Your job is to print, exactly, the lines in the data below from the line with "Bring humor, heart, and" through the line with "뉴한국방송뉴스통신사 신태공 기자", both included, and to omit any picture.

== Dataset records

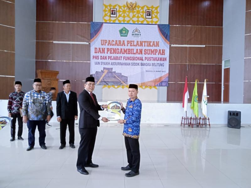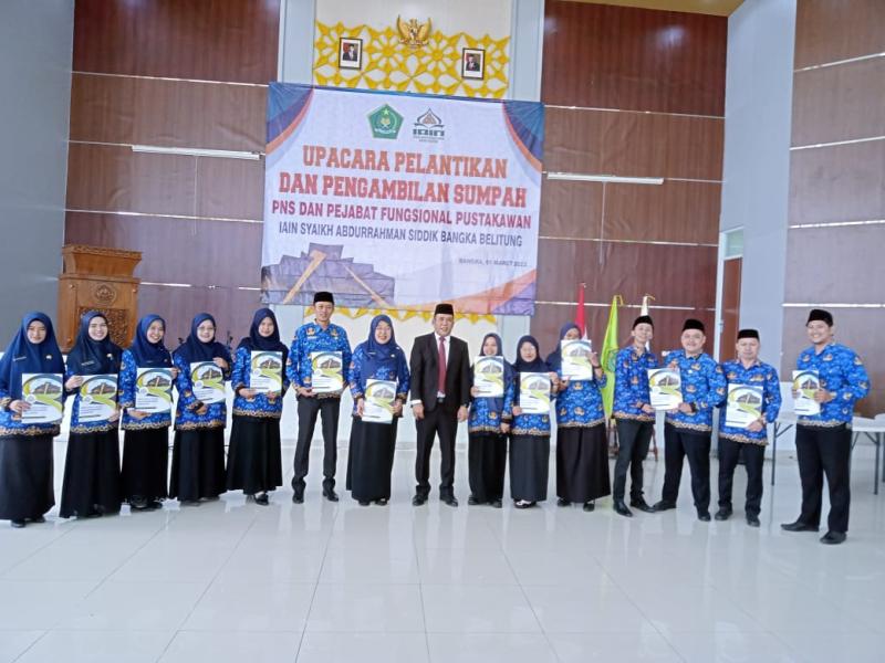 Upacara pelantikan diawali dengan menyanyikan lagu Indonesia Raya, Pembacaan Kitab Suci Al Quran, pembacaan SK PNS, pembacaan naskah pelantikan, pengambilan sumpah jabatan, penandatangan berita acara, dan penyerahan SK kepada para PNS yang dilantik yang digelar di Aula IAIN SAS Bangka Belitung (1/3/2023).
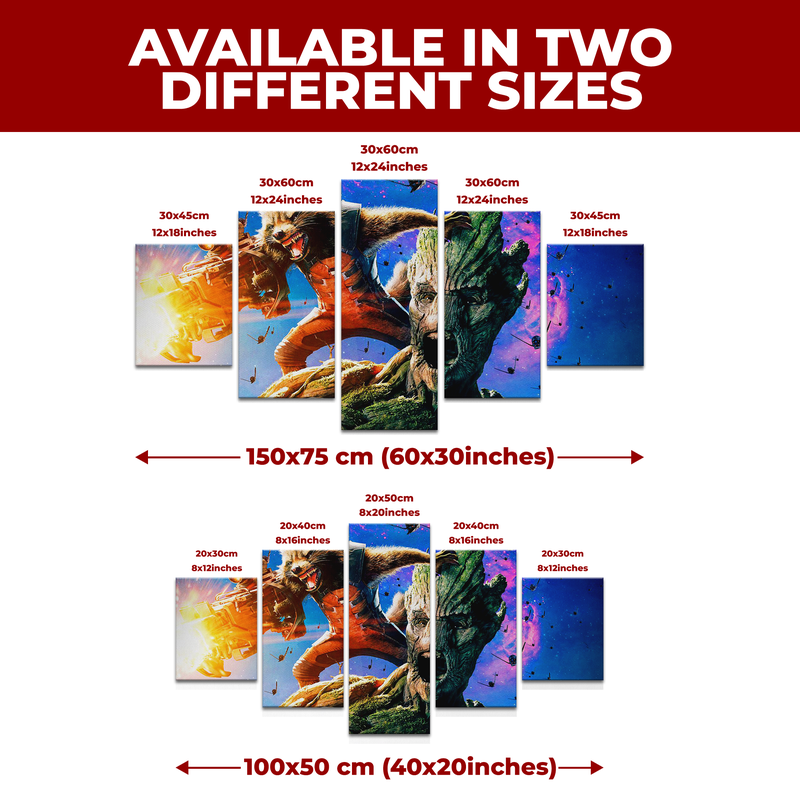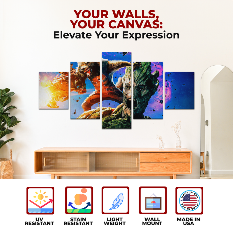 Bring humor, heart, and intergalactic style to your space with this vibrant Groot & Rocket 5-piece wall canvas. Featuring the iconic duo in an action-packed, expressive design, this artwork captures their unique bond — Rocket’s fearless attitude paired with Groot’s lovable charm. Perfect for Marvel fans who want a fun, energetic centerpiece for their bedroom, gaming room, or entertainment area.
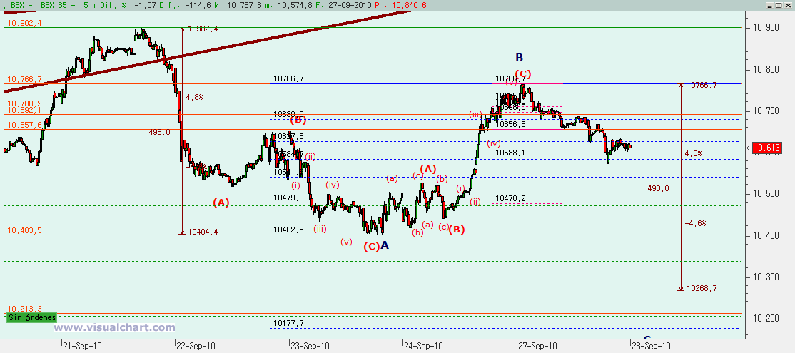 Psicoblog. Lunes 27 de Septiembre de 2010: Tras el cierre del viernes señalamos dos posibilidades para el Ibex a corto. La primera nos decía que la caída desde los máximos del día 21 no había sido toda la corrección, sino que sólo había sido la primera parte, la A. El rebote que vino a continuación, con la poderosa subida del viernes no era otra cosa que la B y que ahora debíamos volver a bajar. La otra opción, sin embargo, nos decía que la caída desde máximos del día 21 sí que había sido toda la corrección, al acabar en la zona de la onda 4 del impulso alcista previo. El rebote que vino desde entonces no era otra cosa que el comienzo de un impulso alcista.
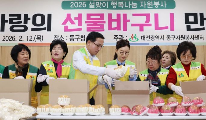 뉴한국방송뉴스통신사 신태공 기자 | 대전 동구는 12일 동구청 후생관에서 동구자원봉사센터 주관으로 설 명절 맞이 ‘사랑의 선물바구니’ 제작 행사를 개최했다고 밝혔다.
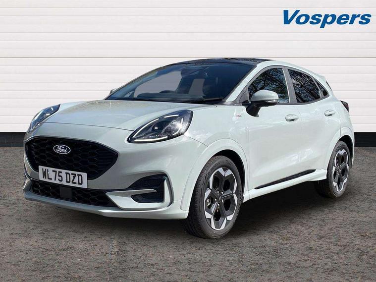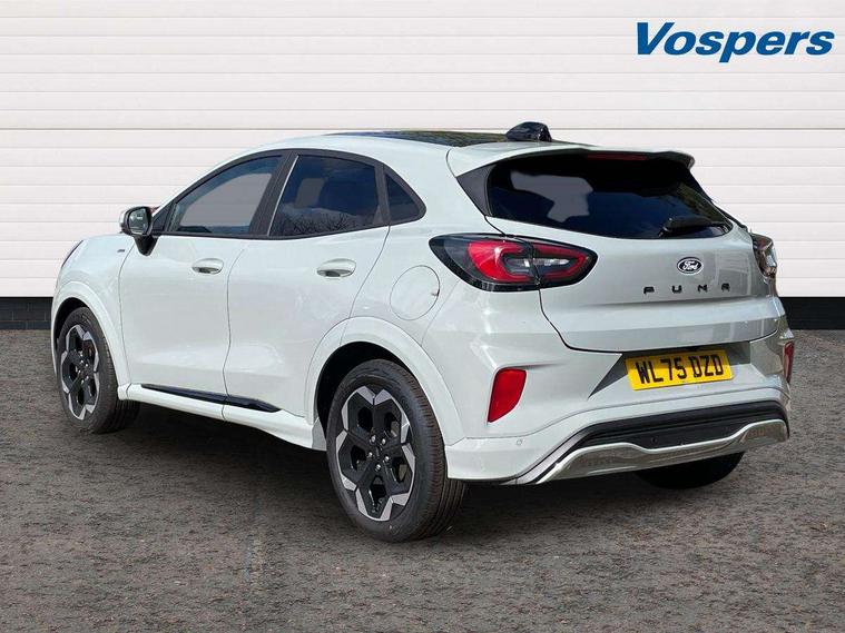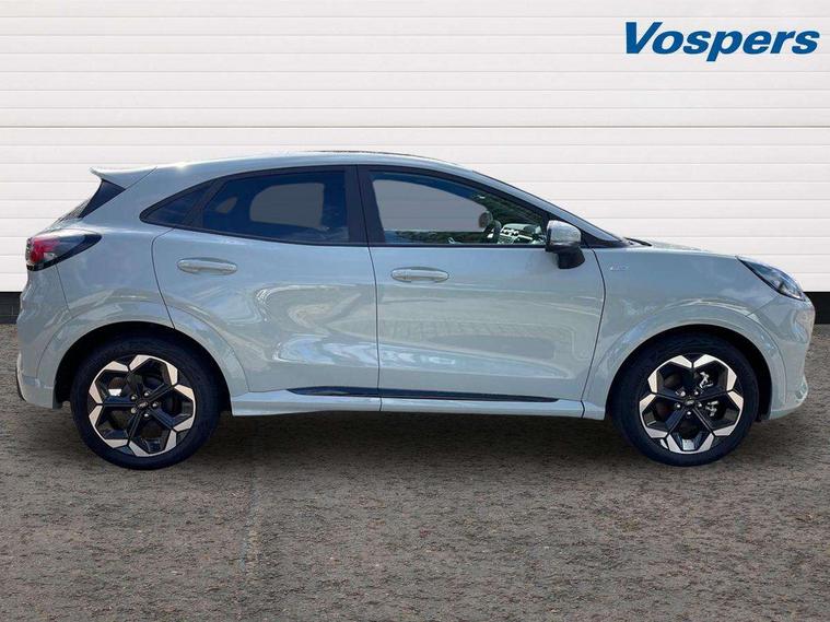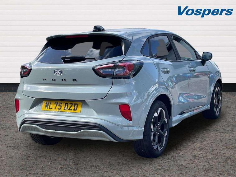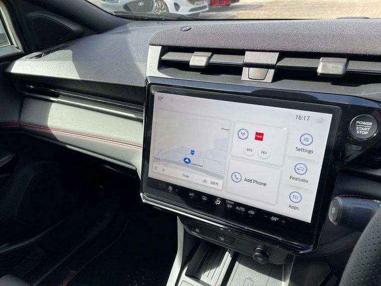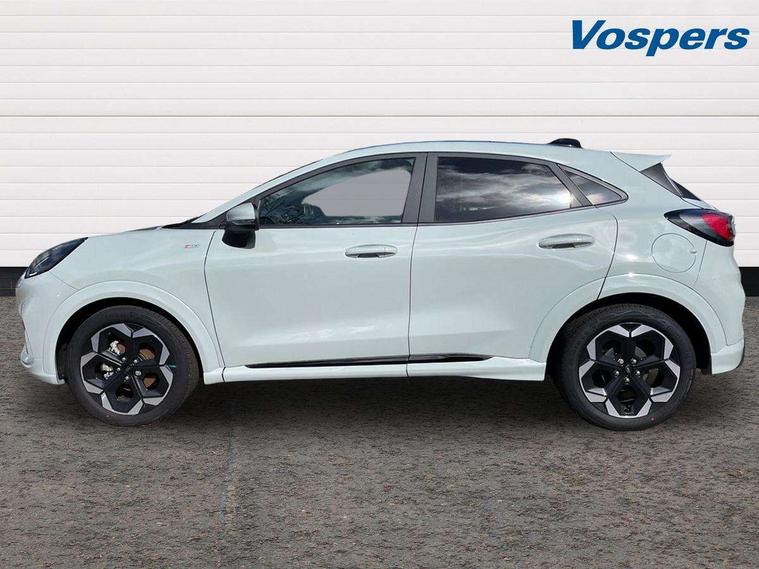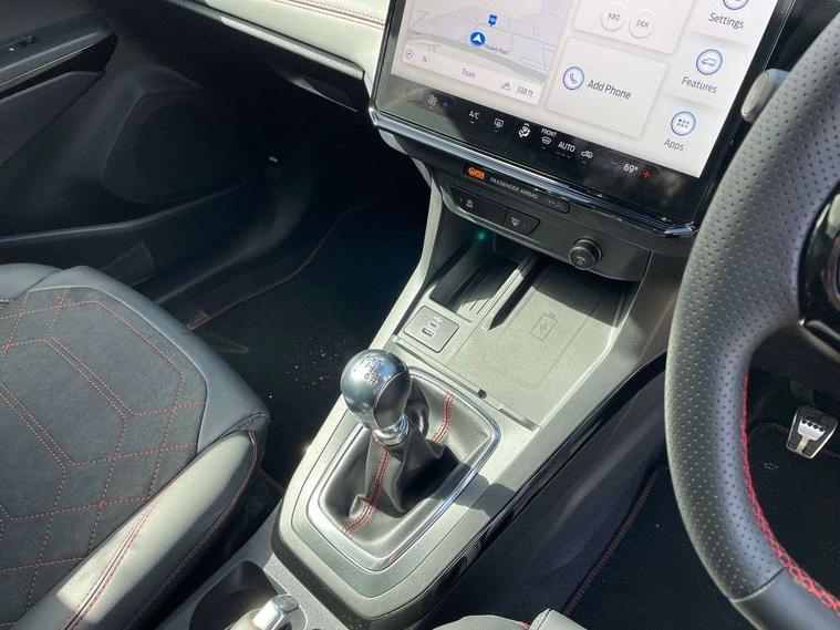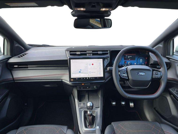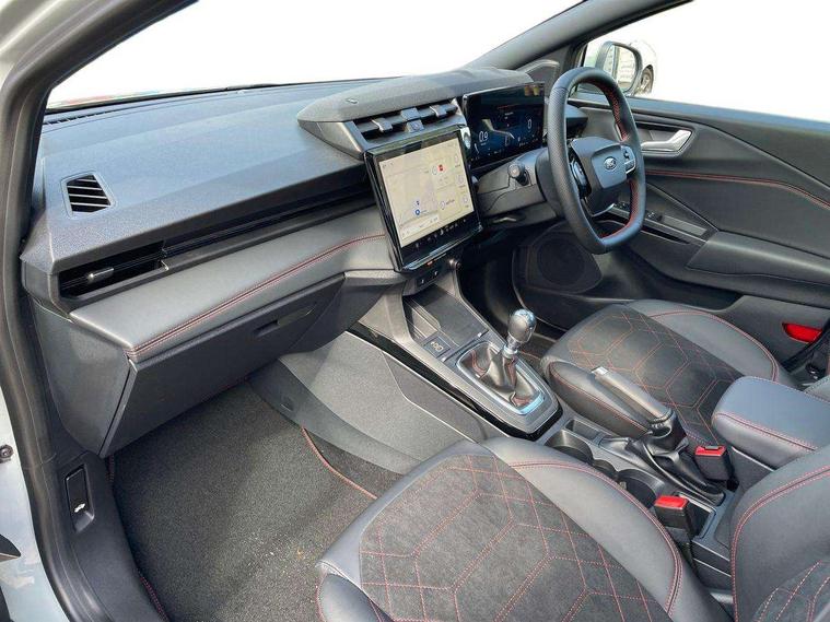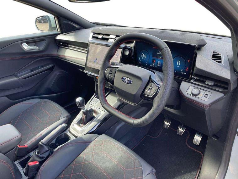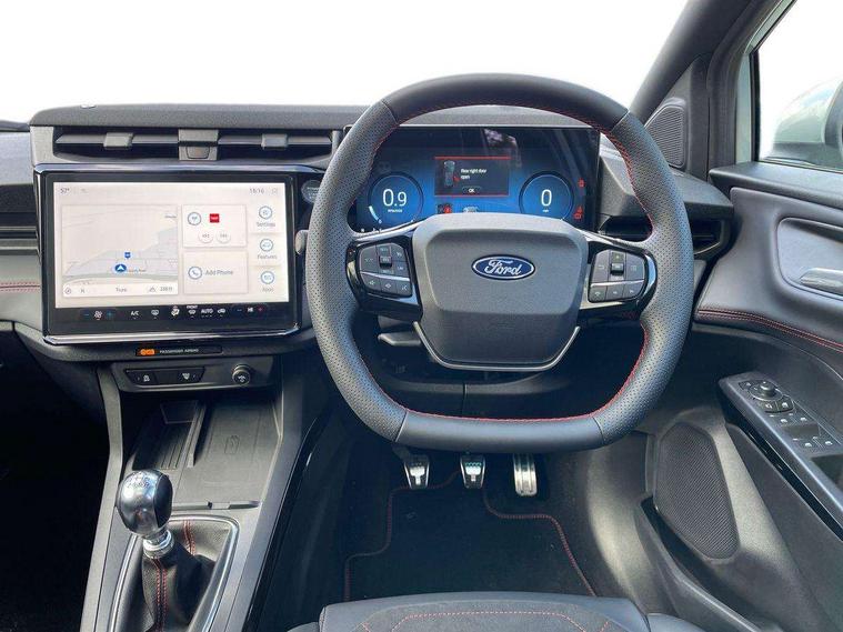 Driver impairment monitor, Emergency call service, Ford easy fuel, Full digital 12.8" instrument cluster, Lane keeping aid with lane departure warning, Power assist steering, Selectable drive modes(Normal, Eco, Sport, Slippery and Trail), Speed sign recognition, Sport suspension, 12" landscape touchscreen display with wireless apple car play and android auto premium B&O audio system with 10 speakers, Ford pass connect and emergency assistance, Ford SYNC4 with connected navigation, Automatic headlights with rain sensing wipers and auto high beam, Front fog lamps, LED daytime running lights, LED rear lamps, LED third brake light, Power foldable heated door mirrors with puddle lamps and puma logo protection, Quickclear heated windscreen, Rear privacy glass, Rear side wing doors, Rear wiper, ST-Line X body styling kit, 3 seat bench in 2nd row, 4 way lumbar support for passenger seat, Centre console with armrest and stowage, Electronic automatic temperature control (EATC), Ford megabox extended bootspace, Front and rear head restraints, Front floor mats, Manual 4 way driver seat adjust with lumbar adjustment, Single front passenger seat, ST-Line X Premium synthetic leather upholstery, Comfort pack with power lift tailgate - Puma, 3 rear seatbelts, Child safety lock, Electronic stability control (ESC) and hill start assist, Pre-collision assist with autonomous emergency braking, pedestrian/cyclist detection & post-collision braking, Tyre pressure monitoring system (TPMS), Thatcham alarm,

====

Result for this task:
 Bring humor, heart, and intergalactic style to your space with this vibrant Groot & Rocket 5-piece wall canvas. Featuring the iconic duo in an action-packed, expressive design, this artwork captures their unique bond — Rocket’s fearless attitude paired with Groot’s lovable charm. Perfect for Marvel fans who want a fun, energetic centerpiece for their bedroom, gaming room, or entertainment area.
 Psicoblog. Lunes 27 de Septiembre de 2010: Tras el cierre del viernes señalamos dos posibilidades para el Ibex a corto. La primera nos decía que la caída desde los máximos del día 21 no había sido toda la corrección, sino que sólo había sido la primera parte, la A. El rebote que vino a continuación, con la poderosa subida del viernes no era otra cosa que la B y que ahora debíamos volver a bajar. La otra opción, sin embargo, nos decía que la caída desde máximos del día 21 sí que había sido toda la corrección, al acabar en la zona de la onda 4 del impulso alcista previo. El rebote que vino desde entonces no era otra cosa que el comienzo de un impulso alcista.
 뉴한국방송뉴스통신사 신태공 기자 | 대전 동구는 12일 동구청 후생관에서 동구자원봉사센터 주관으로 설 명절 맞이 ‘사랑의 선물바구니’ 제작 행사를 개최했다고 밝혔다.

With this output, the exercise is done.